# "M-5" Male Golden at Scioto County, Portsmouth, OH



## Karen519 (Aug 21, 2006)

*Rachel*

Rachel & ALL

Please email the OH Gold. Rescues for him.
My sis in town until 4/23 and I won't be online hardly at all.


----------



## mylissyk (Feb 25, 2007)

I just emailed all the OH rescues on the GRCA list.


----------



## BeauShel (May 20, 2007)

Oh he is gorgeous, I hope one of the rescues helps him


----------



## fostermom (Sep 6, 2007)

He is drop dead gorgeous! I hope someone gets him out ASAP.


----------



## mylissyk (Feb 25, 2007)

Golden Retriever Rescue Resource, Delta, OH responded to my email and said they have it covered. I hope that means he is tagged for rescue.


----------



## GrafixMuse (Dec 28, 2008)

mylissyk said:


> I just emailed all the OH rescues on the GRCA list.


Thank you


----------



## Rob's GRs (Feb 25, 2007)

I hope the rescue gets him, he is a handsome boy.


----------



## Karen519 (Aug 21, 2006)

*Hoping*

I'm hoping Golden Ret. Rescue Resource gets him.
He is gorgeous!!!


----------



## GoldenJoyx'stwo (Feb 25, 2007)

mylissyk said:


> Golden Retriever Rescue Resource, Delta, OH responded to my email and said they have it covered. I hope that means he is tagged for rescue.


I sure hope so! I do have an Ohio contact. Keep me posted.


----------



## kyguy78 (Apr 2, 2007)

At the same shelter they have this older Golden fella too. He is M1

http://www.petfinder.com/petnote/displaypet.cgi?petid=13498368


----------



## GrafixMuse (Dec 28, 2008)

The listing for "M5" has been removed. I hope he was adopted/rescued. Does anyone have an update?

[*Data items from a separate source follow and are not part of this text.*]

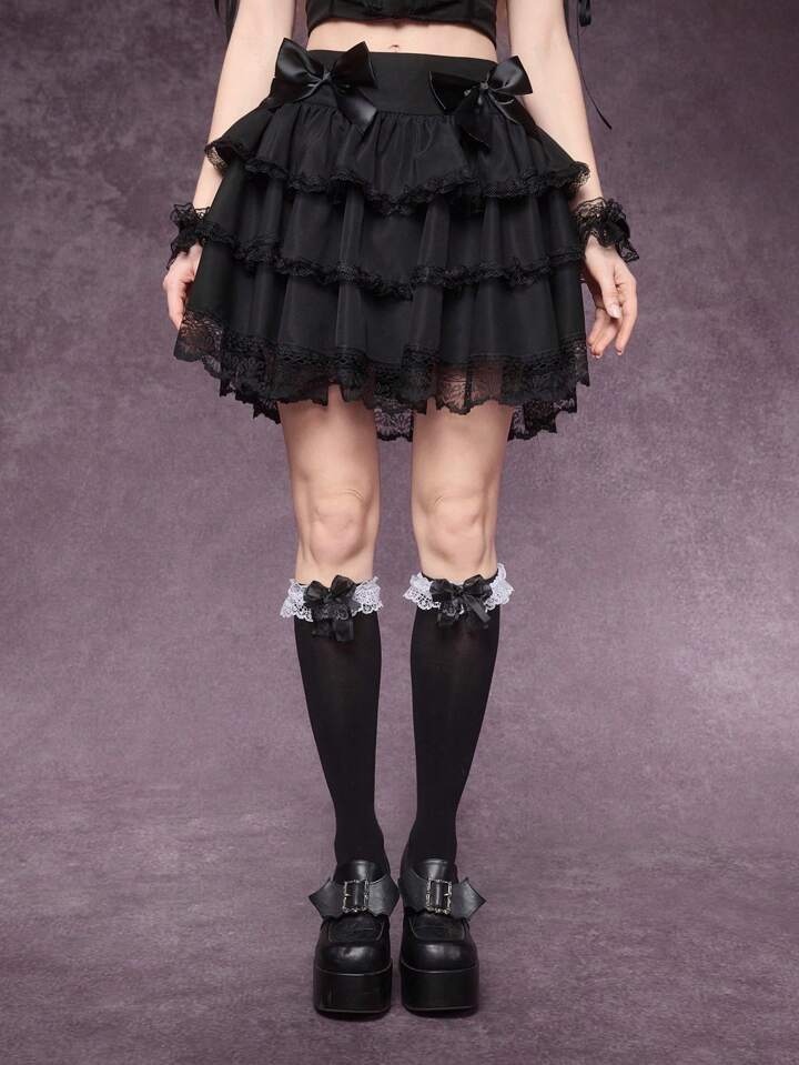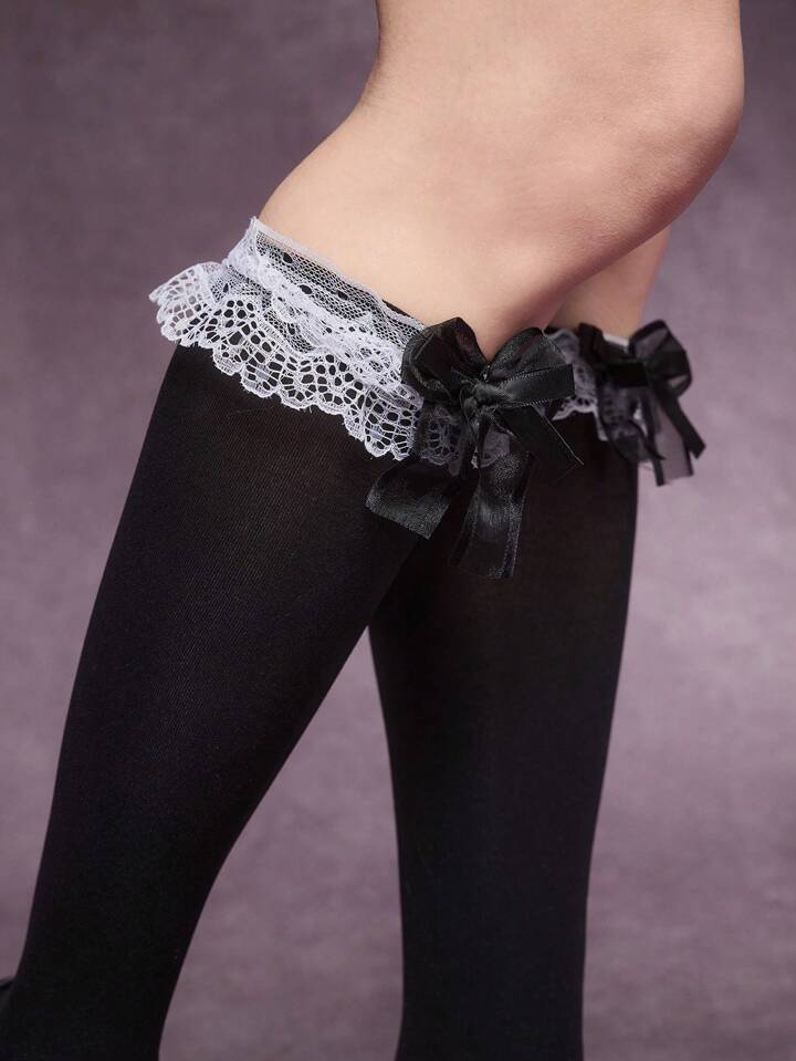 Kawaii 1 Pair Women's Sweet & Cool Lace Trim Bow Nylon Knee High Socks, All Season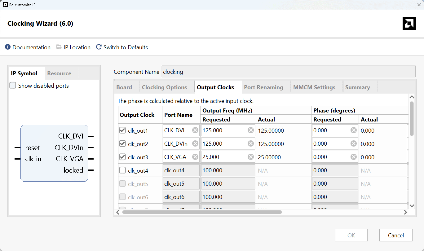 clk_vga: 25MHz clock. This is the pixel clock frequency for 640×480@60Hz VGA resolution.clk_dvi&clk_dvin: 125 MHz clocks.clk_dvinis 180 degrees out of phase toclk_dvi. These clocks are used for serialization using ODDR2.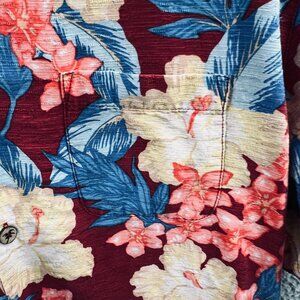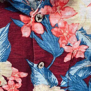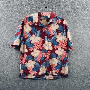 Caribbean Men Hawaiian Shirt Large Blue Pink Pure Silk Floral Aloha Button Front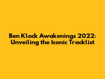 Ben Klock Awakenings 2022: Unveiling The Iconic Tracklist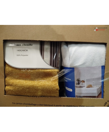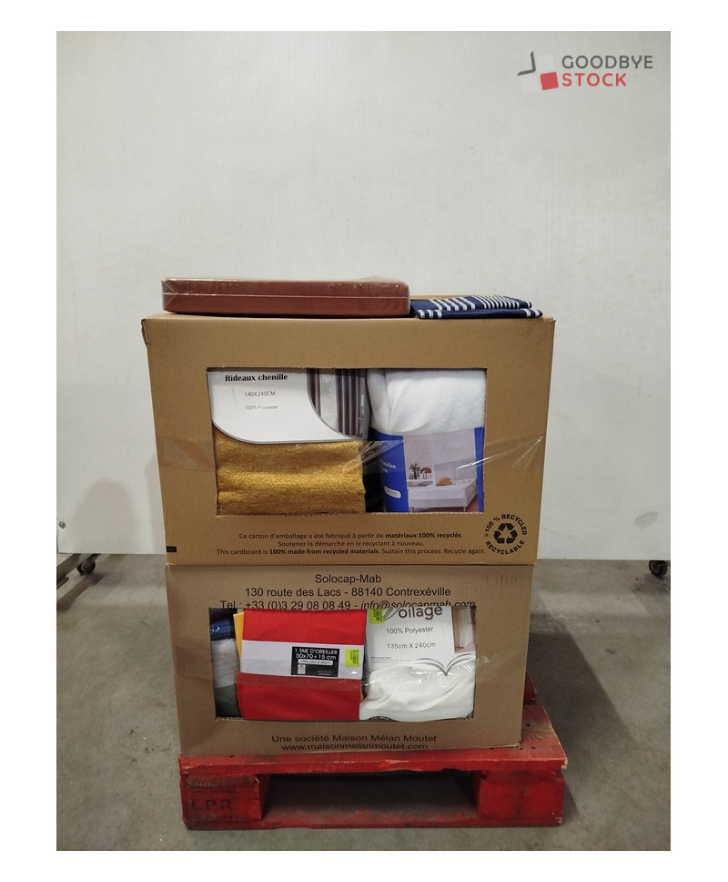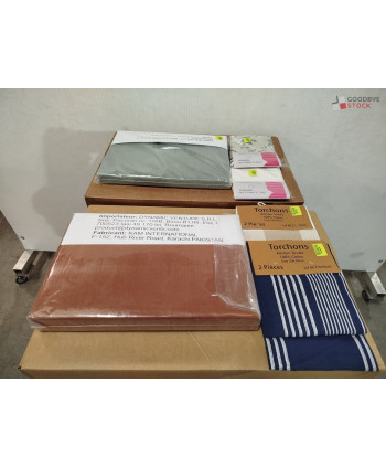 Lot de 60 pièces de linges de maison et linges de lit - linge emballés - comprenant : des parures de lit, des torchons, des rideaux etc..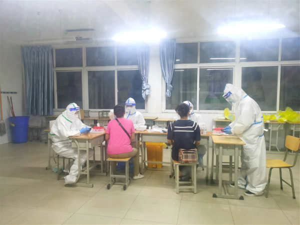防疫工作志愿者协助医护人员进行核酸检测工作

Max is still on Petfinder: http://www.petfinder.com/petnote/displaypet.cgi?petid=13498368

Look at his curly coat. Is he what would be considered a "Doodle?"


----------



## CarolinaCasey (Jun 1, 2007)

No, I don't think that he's a doodle. But he sure is cute!! Were the rescues told about him, too??


----------